SQLServer Delete Duplicate Rows

As a “high level DBA type”, I do get to see strange things occasionally. On a previous occasion it was the duplication of records in a database. Let’s talk about how to get rid of those records.

The first type of duplicated record we will work on is one where the primary key is duplicated, whether by import or you are trying to create a unique key against existing data.

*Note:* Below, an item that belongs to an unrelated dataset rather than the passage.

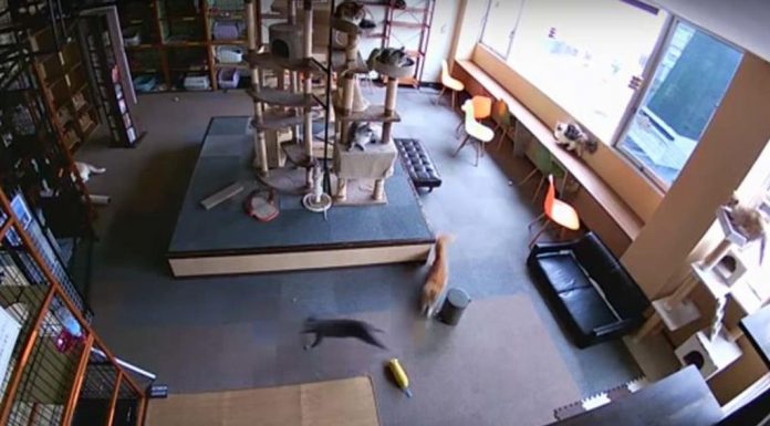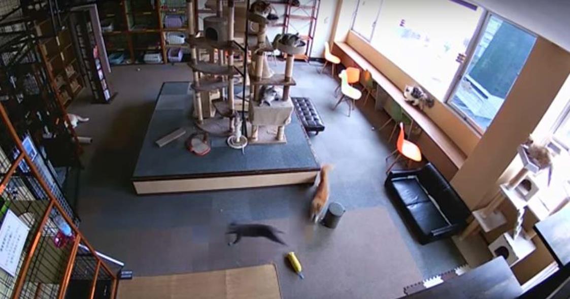 Duke parë këto pamje të kamerës së sigurisë, macet me sa duket kanë një sens që e ndjejnë atë që do ndodhi, përpara se të ndodhi.

-- Lets create some test data
CREATE TABLE #table1 (
	  Id INT
	, text1 VARCHAR(50)
	, dtc DATETIME2(0)
);
INSERT INTO #table1 (
	  Id
	, text1
	, dtc
)
VALUES 
	  (1, 'test1', DATEADD(d, -10, GETDATE()))
	, (1, 'test1', DATEADD(d, -7, GETDATE()))
	, (2, 'test2', DATEADD(d, -7, GETDATE()))
	, (2, 'test2', DATEADD(d, -10, GETDATE()))

SELECT text1
FROM #table1
GROUP BY text1
HAVING COUNT(*) > 1

When executing this, you can see that 2 of our records have the same text. If you delete by ID, you will lose both records. Sadly, this is an occasion where the recommended practice is to set the ROWCOUNT to 1 and delete by ID. You will find that you can not use an ORDER BY on a DELETE statement either.

SET ROWCOUNT 1
DELETE FROM #table1 WHERE Id = 1 
DELETE FROM #table1 WHERE Id = 2
SET ROWCOUNT 0

SELECT * FROM #table1

The bad part of this is that I can not reliably control which record gets deleted based on the data.

Id	text1	dtc
1	test1	2015-04-22 12:42:15
2	test2	2015-04-19 12:42:15

The more likely scenario is you have imported data and you already have a column with an auto-increment integer for the primary key. You have duplicate records but at least you have a unique identifier.

CREATE TABLE #table2 (
	  Id INT
	, text1 VARCHAR(50)
	, dtc DATETIME2(0)
);
INSERT INTO #table2 (
	  Id
	, text1
	, dtc
)
VALUES 
	  (1, 'test1.1', DATEADD(d, -10, GETDATE()))
	, (2, 'test1.2', DATEADD(d, -7, GETDATE()))
	, (3, 'test1.1', DATEADD(d, -7, GETDATE()))
	, (4, 'test1.2', DATEADD(d, -10, GETDATE()))

SELECT text1
FROM #table2
GROUP BY text1
HAVING COUNT(*) > 1

SELECT * FROM #table2

Executing that shows the data scenario we are dealing with now. In this case we want to keep the records that were created last.

DELETE FROM #table2
WHERE Id IN(
	SELECT DISTINCT m1.Id
	FROM #table2 m1 
		LEFT JOIN #table2 m2 ON m1.text1 = m2.text1 AND m1.dtc < m2.dtc
	WHERE m2.Id IS NOT NULL
)

SELECT * FROM #table2

The above shows we can select the IDs of the records in a subquery that have the lower create date and delete those. This gives us that small amount of control over which duplicate record we want to delete.

Id	text1	dtc
2	test1.2	2015-04-22 12:52:14
3	test1.1	2015-04-22 12:52:14

And if we decide we want the first record created instead of the last, we can switch the < to >.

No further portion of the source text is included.